Urgh, sorry, busy school week with far too many tests but I've been checking my mail alerts for this thread.

How is he today? 
If I'm correct you should be at the end of the first treatment now right?


----------



## olgamc (Jan 2, 2016)

Hey Dalloway,

Thanks for checking up on us! We had to go away this weekend, so I haven't watched him for a couple of days. I changed his water just now. For some reason he really didn't like the cup this time, his face went pale. I am really looking forward to not having to do a 100% water changes. I'll watch him and keep you posted.


----------



## olgamc (Jan 2, 2016)

He just had a spasm and a tiny white worm fell off of him.
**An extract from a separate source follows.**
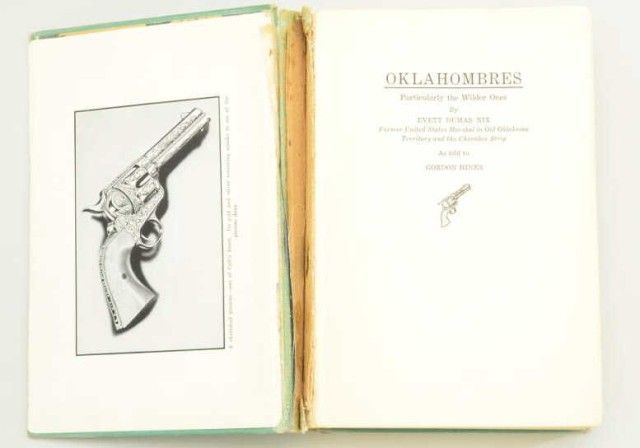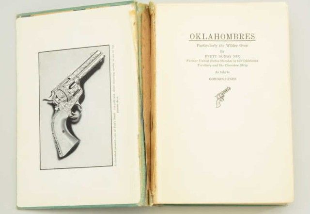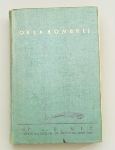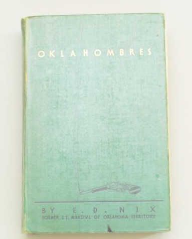 First edition (1929) of “Oklahombres” hardback book by legendary E.D. Nix, U.S. Marshal of the Oklahoma Territory in fair + condition showing some separation at the book’s spine; covers considerable first handinformation on the outlaws and lawmen of the late 1800’s-early 1900’s including the Daltons, Bill Doolin, Arkansas Tom, Henry Starr on the outlaw side and Chris Madsen, Heck Thomas, Bill Tilghman, Frank Canton andNix on the side of law and order; great Western historical reading and long out-of-print. Est.: $100-$200.

It was very small, maybe 1mm long and wiggled a little as it fell to the bottom. This is so frustrating!


----------



## Netti (Apr 25, 2014)

EEEEwwwwe, but as gross as it is, maybe it is a sign the meds are working. I am only concerned about eggs that may still be incubating inside your betta. Is there another round of meds suggested in the treatment?


----------



## olgamc (Jan 2, 2016)

Hey Netti, 

I found some random blog where the guy says he just keeps treating every 3 days until the bugs are gone. Apparently he does 4-5 full treatments to get everything cleared up. Joey seems to tolerate the meds just fine, so I guess that's what I should do. I might have waited too long for the 2nd treatment. I did a week of pimafix in the middle and a number of days that I was indecisive, so altogether it was at least 10 days between general cure treatments.


----------



## Dalloway (Apr 13, 2014)

olgamc said:


> I found some random blog where the guy says he just keeps treating every 3 days until the bugs are gone.


I've seen some people recommend waiting as much as 14 days and have that be effective but personally, if the fish seems to be healthy enough to handle a repeat dosage so soon, 3-6 days is a better rest period as a number of the faster hatching parasites I'm aware of hatch in 2-3 days in the temperatures Betta are kept in. 
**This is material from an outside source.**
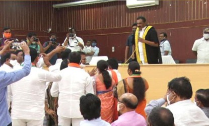 దాంతో టిఆర్ఎస్‌ కార్పొరేటర్లు వారిని అడ్డుకొనే ప్రయత్నించడంతో ఇరువర్గాల మద్య వాదనలు, నినాదాలు, తరువాత తిట్లు, తోపులాటలతో కౌన్సిల్ సమావేశం రసభాసగా మారింది. బిజెపి కార్పొరేటర్ల తీరుపై మేయర్ సునీల్‌ రావు ఆగ్రహం వ్యక్తం చేస్తూ ‘యూజ్ లెస్ ఫెలోస్’ అని అనడంతో వారు అక్కడే బైటాయించి మేయర్ క్షమాపణలు చెప్పాలని కోరుతూ నినాదాలతో సమావేశమందిరాన్ని హోరెత్తించారు. చివరికి పోలీసులు కలుగజేసుకొని ఇరువర్గాలను బయటకు పంపించడంతో కౌన్సిల్ సమావేశం అర్దాంతరంగా ముగిసింది.

If you're noticing ectoparasites, adding aq salt at 1 tablespoon per 5 gallons may be helpful in making the treatment more effective.
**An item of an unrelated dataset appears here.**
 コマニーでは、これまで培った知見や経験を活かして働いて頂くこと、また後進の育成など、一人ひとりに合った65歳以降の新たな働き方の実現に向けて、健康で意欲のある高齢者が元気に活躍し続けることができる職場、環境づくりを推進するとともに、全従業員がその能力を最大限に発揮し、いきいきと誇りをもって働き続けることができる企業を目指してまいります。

Edit: it's also quite ok to use salt and metronidazole together.


----------



## olgamc (Jan 2, 2016)

Wow, busy few days! Dalloway, thanks for the aq salt tip. I am starting another round, this will be his 3rd and hopefully last. I added the salt as you suggested. I haven't seen him twitch other than that last time (though I must admit I have been very busy, so haven't been watching him closely), and there are no new scratches. Yay, hopefully that means the meds are slowly but surely working.


----------



## Dalloway (Apr 13, 2014)

That's fantastic! Hopefully this means you'll be able to cut back on the treatment soon. Have you seen any more white spots or worms on him?


----------



## olgamc (Jan 2, 2016)

No, no new spots or anything. The old yellowish ones look better too. Oh man, this is definitely teaching me patience. I think I introduced new plants too quickly, should have qt-ed them longer.


----------



## Dalloway (Apr 13, 2014)

It sounds like he's finally getting through it then C:.

How long did you qt for?


----------



## olgamc (Jan 2, 2016)

2 days. I know. They came from a fishless tank though, so I thought they were safe.


----------



## Dalloway (Apr 13, 2014)

Hmm, if they came from a fishless tank it shouldn't have caused an issue though. The only things I can think of is if it was an unheated tank that previously contained fish or had cuttings from a fish inhabited tank and there were eggs in hibernation... Not sure how plausible that is, microorganisms are not my forte.
Yeesh, thanks for letting me know though because I'm going to be much more vigilant in the future!


----------



## BettaOfInterest (Mar 1, 2016)

So i have been following this thread for awhile now because I am experiencing something that sounds almost exactly the same. My girl is super twitchy and swims laps rubbing against the back of the tank. 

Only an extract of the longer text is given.